How I've done this so far: I have constructed a for loop that can extract the appropriate u
values for the nearest grid to each point in DF1
. For example, for lat x and long y in DF1
I find the nearest grid in the netcdf file and extract the full timeseries. Then, within the for loop, I amend the DF1$u
values with the appropriate data. DF1
is a rather large dataframe and the netcdf is even bigger (DF1
is just a small subset of the full netcdf).
Some psuedo data:
ID <-c("1","2","3","4","5","6")
datetime <- c("1/1/2021 01:00:00"
, "1/5/2021 04:00:00"
, '2/1/2021 06:00:00'
, "1/7/2021 01:00:00"
, "2/2/2021 01:00:00"
, "2/5/2021 02:00:00")
lat <- c(34,36,41,50,20,40)
long <- c(55,50,‑89,-175,-155,25)
DF1 <- data.frame(ID, datetime, lat, long)
DF1$u <- NA
ID datetime lat long u
1 1 1/1/2021 01:00:00 34 55 NA
2 2 1/5/2021 04:00:00 36 50 NA
3 3 2/1/2021 06:00:00 41 -89 NA
4 4 1/7/2021 01:00:00 50 -175 NA
5 5 2/2/2021 01:00:00 20 -155 NA
6 6 2/5/2021 02:00:00 40 25 NA
Here is an example of the type of for loop I've constructed, I've left out some of the more specific details that aren't relevant:
for(i in 1:nrows(DF1) {
### a number of steps here that identify the closest grid to each point. ####
mat_index <- as.vector(arrayInd(which.min(dist_mat), dim(dist_mat)))

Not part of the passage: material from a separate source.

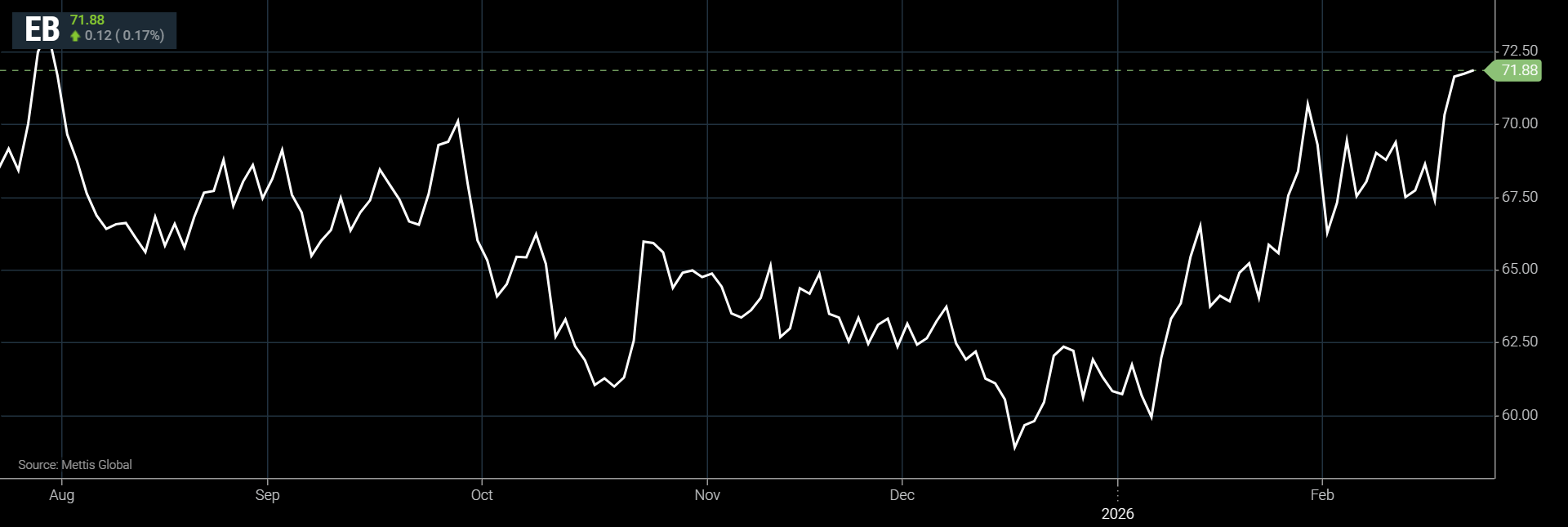 to $71.88 per barrel, according to Mettis Global data.

# Extract the time series for the lat and long that are closest. u is the weather variable, time is the datetime variable, and geometry is the corresponding lat long list item.
df_u <- data.frame(u=data_u[mat_index[2],mat_index[1],],time=timestamp,geometry=rep(psj[i,1],dim(data_u)[3]))

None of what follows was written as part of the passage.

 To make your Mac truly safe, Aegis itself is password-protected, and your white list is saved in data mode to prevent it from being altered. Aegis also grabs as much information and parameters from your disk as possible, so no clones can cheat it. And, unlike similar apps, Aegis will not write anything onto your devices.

# To make things easier I seperate geometry into a lat and a long col
df_u <- tidyr::separate(df_u, geometry, into = c("long", "lat"), sep = ",")

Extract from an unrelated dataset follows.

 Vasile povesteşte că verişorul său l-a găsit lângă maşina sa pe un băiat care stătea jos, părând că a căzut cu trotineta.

df_u$long <- gsub("c\\(", "", df_u$long)
df_u$lat <- gsub("\\)", "", df_u$lat)
# I find that datatables are a bit easier for these types of tasks, so I set the full timeseries data and DF1 to data table (in reality I set df1 as a data table outside of the for loop)
df_u <- setDT(df_u)
# Then I use merge to join the two datatables, replace the missing value with the appropriate value from df_u, and then drop all the unnecessary columns in the final step.
df_u_new <- merge(windu_df, df_u, by =c("lat","long","time"), all.x = T)
df_u_new[, u := ifelse(is.na(u.x), u.y, u.x)]
windu_df <- df_u_new[, .(time, lat, long, u)]
}
This works, but given the sheer size of the dataframe/datatables that I'm working with, I wonder if there is a faster way to do that last step in particular. I know merge is probably the slowest way to do this, but I kept running into issues using match()
and inner_join
.
Unfortunately I'm not able to really give fully reproduceable data here given that I'm working with a netcdf file, but df_u looks something like this for the first iteration:
ID <-c("1","2","3","4","5","6")
datetime <- c("1/1/2021 01:00:00"
, "1/1/2021 02:00:00"
, "1/1/2021 03:00:00"
, "1/1/2021 04:00:00"
, "1/1/2021 05:00:00"
, "1/1/2021 06:00:00")
lat <- c(34,34,34,34,34,34)
long <- c(55,55,55,55,55,55)
u <- c(2.8,3.6,2.1,5.6,4.4,2,5)
df_u <- data.frame(ID, datetime, lat, long,u)
ID datetime lat long u
1 1 1/1/2021 01:00:00 34 55 2.8
2 2 1/1/2021 02:00:00 34 55 3.6
3 3 1/1/2021 03:00:00 34 55 2.1
4 4 1/1/2021 04:00:00 34 55 5.6
5 5 1/1/2021 05:00:00 34 55 4.4
6 6 1/1/2021 06:00:00 34 55 2.5
Once u is amended in DF1 it should read:
ID datetime lat long u
1 1 1/1/2021 01:00:00 34 55 2.8
2 2 1/5/2021 04:00:00 36 50 NA
3 3 2/1/2021 06:00:00 41 -89 NA
4 4 1/7/2021 01:00:00 50 -175 NA
5 5 2/2/2021 01:00:00 20 -155 NA
6 6 2/5/2021 02:00:00 40 25 NA
In the next iteration, the for loop will extract the relevant weather data for the lat and long in row 2 and then retain 2.8 and replace the NA in row 2 with a value.
EDIT: The NETCDF data covers an entire year (so every hour for a year) for a decently large spatial area. It's ERA5 data. In addition, DF1 had thousands of unique lat/long and timestamp observations.